### Dataset section
━━━━

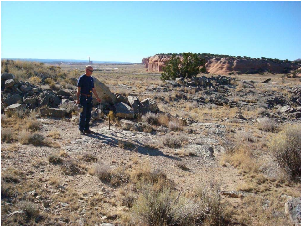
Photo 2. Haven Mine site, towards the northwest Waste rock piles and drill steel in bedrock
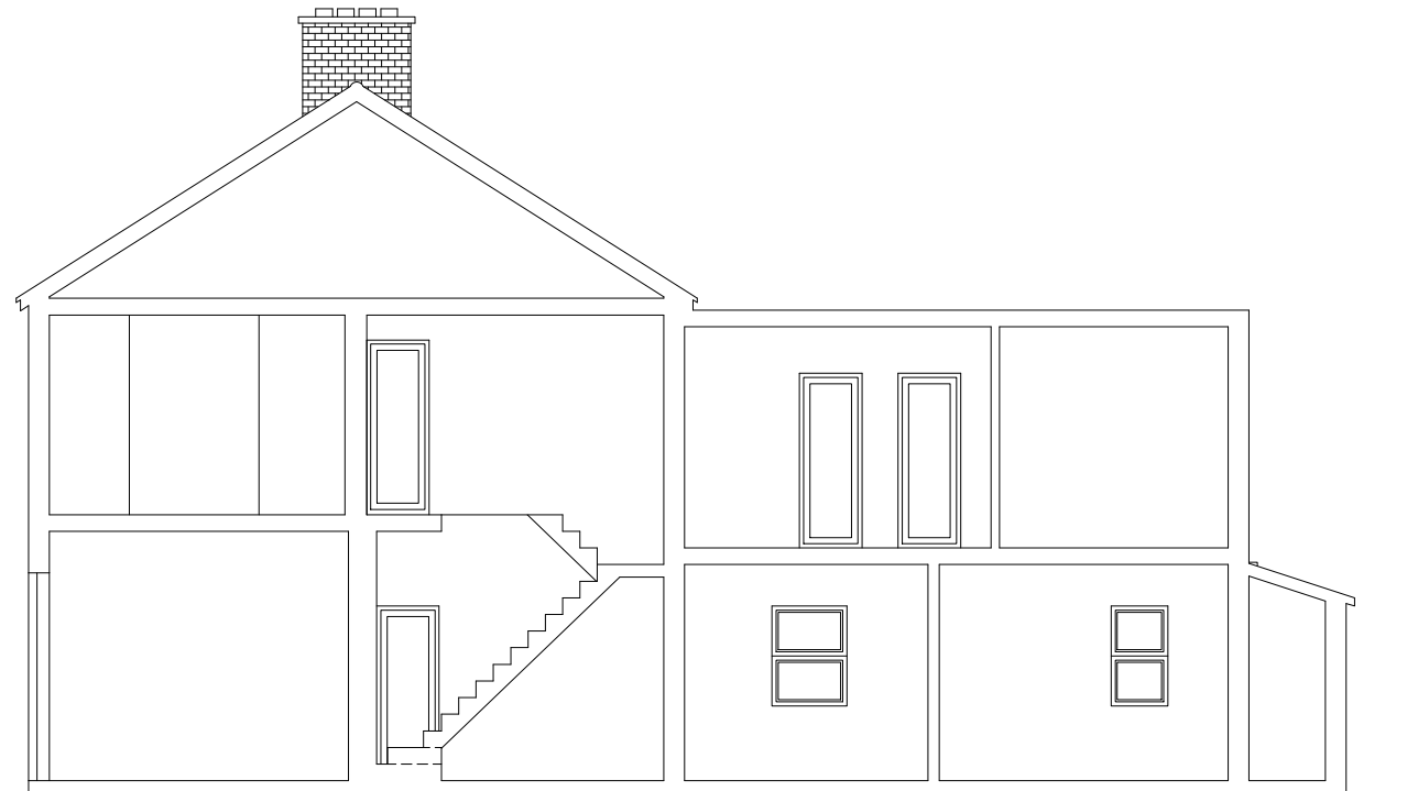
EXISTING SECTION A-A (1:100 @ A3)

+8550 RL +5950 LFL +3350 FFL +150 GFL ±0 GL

━━━━

### About this exercise
Write out again, exactly, the lines from the one holding "EXISTING SECTION A-A (1:100 @ A3)" through the end of the listing, with both ends included.

### Worked solution
EXISTING SECTION A-A (1:100 @ A3)

+8550 RL +5950 LFL +3350 FFL +150 GFL ±0 GL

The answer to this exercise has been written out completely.